The primary aim of life insurance is about mobilizing the savings
for the development of the economy in long term investment in
social and infrastructure sectors. The same vision was argued for
the opening up of insurance market would enable huge flow of
funds into infrastructure. But more than fifty percent of the
policies they sell are ULIPS where the investments go into the
equity markets. As per a report, 95% of policies sold by Birla Sun
Life and over 80 percent of policies sold by ICICI Prudential were
unit-linked policies during 2003-04. Under these schemes, nearly
50 percent of the funds are invested in equities thus limiting the
fund availability for infrastructural investments. On the other
hand, the LIC has invested Rs. 40,000 crore as at 31.3.2003 in
power generation, road transport, water supply, housing and
other social sector activities. IRDA figures further imply that the
share of the public sector life and non-life insurance companies in
investment in infrastructure is greater than their market share.''

Advantages of FDI in Insurance Sector


1)Capital for Expansion
FDI has the potential to meet Indias long term capital
requirements to fund the building of infrastructures which is
critical for the development of the country. Infrastructure has
been the major factor which has restricted the progress of the
Indian economy. Insurance sector has the capability of raising
long term capital from the masses as it is the only avenue where
people put in money for as long as 30 years even more. An
increase in FDI in insurance would indirectly be a boon for the
Indian economy, the investment not withstanding but by making
more people invest in long term funds to fuel the growth of the
Indian economy.

2)Wider Scope for Growth


FDI in insurance would increase the penetration of insurance in
India, where the penetration of insurance is abysmally low with
insurance premium at about 3% of GDP against about 8% global
average. This would be better through marketing effort by MNCs,
better product innovation, consumer education etc.

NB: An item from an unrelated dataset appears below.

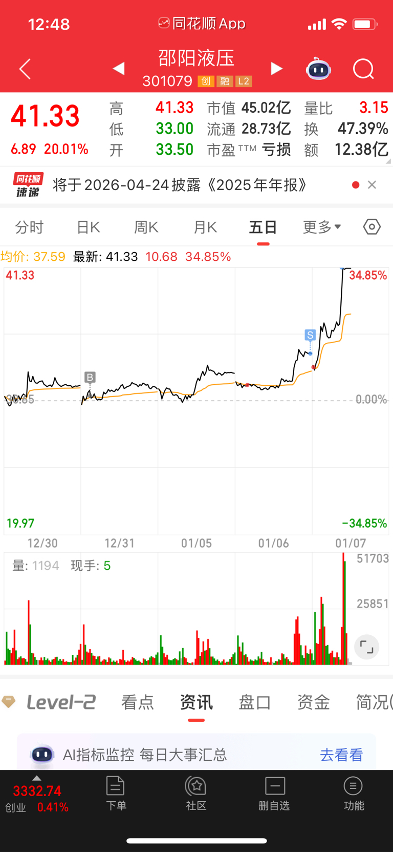 $邵阳液压(SZ301079)$ 希望再来个三连板

3)Moving Towards Global Practice


Indias insurance market lags behind other economies in the
baseline measure of insurance penetration. At only 3.1%, India is
well behind the 12.5% for the UK, 10.5% for japan, 10.3% for
Korea and 9.2% for the US. Currently, FDI represents only Rs. 827
crore of the Rs.3179 crores capitalizations of private life insurance
companies.
4)Provide Customers with Competitive Products, More
Options and Better Service Levels
Opening the FDI in the insurance sector would be good for the
consumers, in a lot of ways. Increasing FDI will impact on a lot of
industries in a positive.

Conclusion
Many international studies have estimated that the insurance
sector in India can grow by over 125 per cent in the next ten
years. In fact, India has been identified as one of the fastest
growing insurance markets. The current policy is trying to
encourage joint ventures insurance sector so as to boost the
domestic insurers growth in this area. However; there is also the
risk that some foreign insurers will not be interested in investing
unless they have 100% ownership and that the current policy will
prevent them from choosing India as an Insurance destination.

With this, a plethora of business opportunities in India has been


thrown open to the foreign investors. In life insurance business,
India is ranked 10th among the 88 countries for which data are
published by Swiss Re. India has seen an increase in its FDI in
2012, at a time when the aforesaid limit were not even approved-
a sign that suggests India is set to be one of the favored
destinations for foreign investors in the insurance sector.